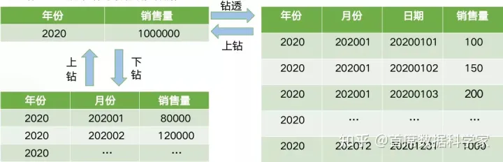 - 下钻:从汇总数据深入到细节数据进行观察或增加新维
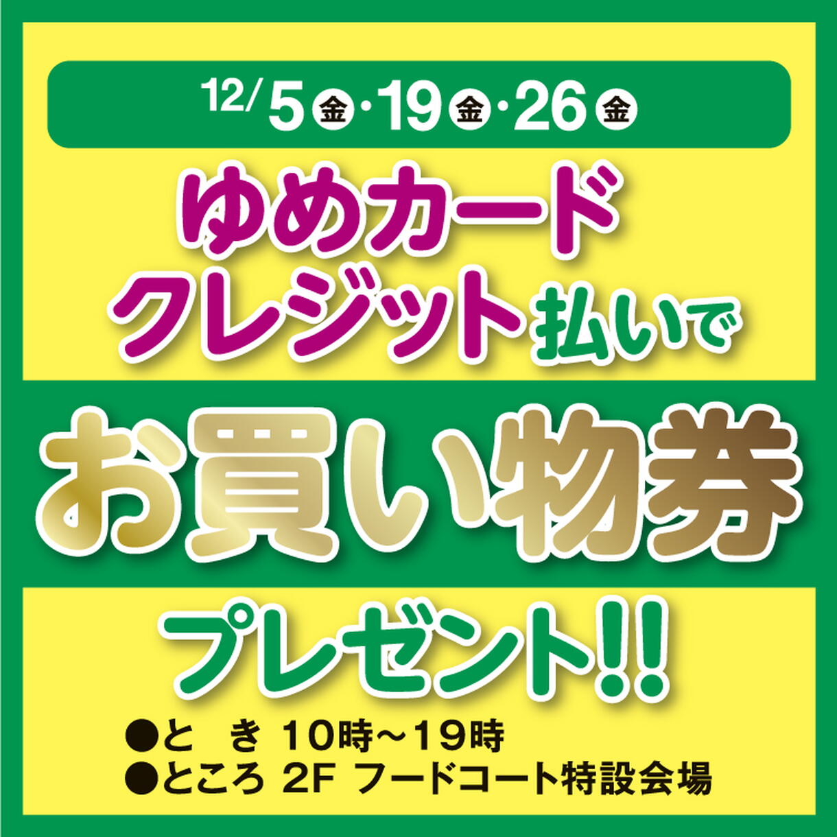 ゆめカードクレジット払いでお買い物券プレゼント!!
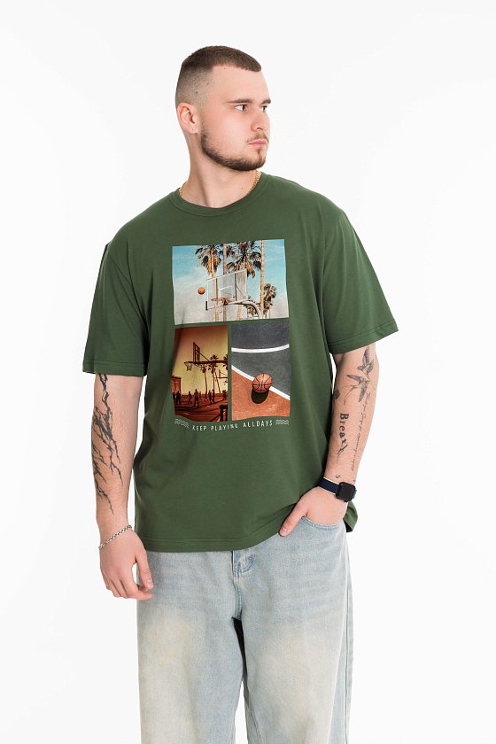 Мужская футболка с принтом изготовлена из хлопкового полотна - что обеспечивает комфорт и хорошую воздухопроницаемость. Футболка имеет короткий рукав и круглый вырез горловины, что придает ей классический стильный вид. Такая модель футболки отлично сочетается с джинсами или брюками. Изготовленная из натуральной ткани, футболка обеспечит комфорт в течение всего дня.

# # # #

_ABOUT THIS EXERCISE_
Instruction for this listing: copy it exactly, but leave the images behind.

_TASK OUTPUT_
 - 下钻:从汇总数据深入到细节数据进行观察或增加新维
 ゆめカードクレジット払いでお買い物券プレゼント!!
 Мужская футболка с принтом изготовлена из хлопкового полотна - что обеспечивает комфорт и хорошую воздухопроницаемость. Футболка имеет короткий рукав и круглый вырез горловины, что придает ей классический стильный вид. Такая модель футболки отлично сочетается с джинсами или брюками. Изготовленная из натуральной ткани, футболка обеспечит комфорт в течение всего дня.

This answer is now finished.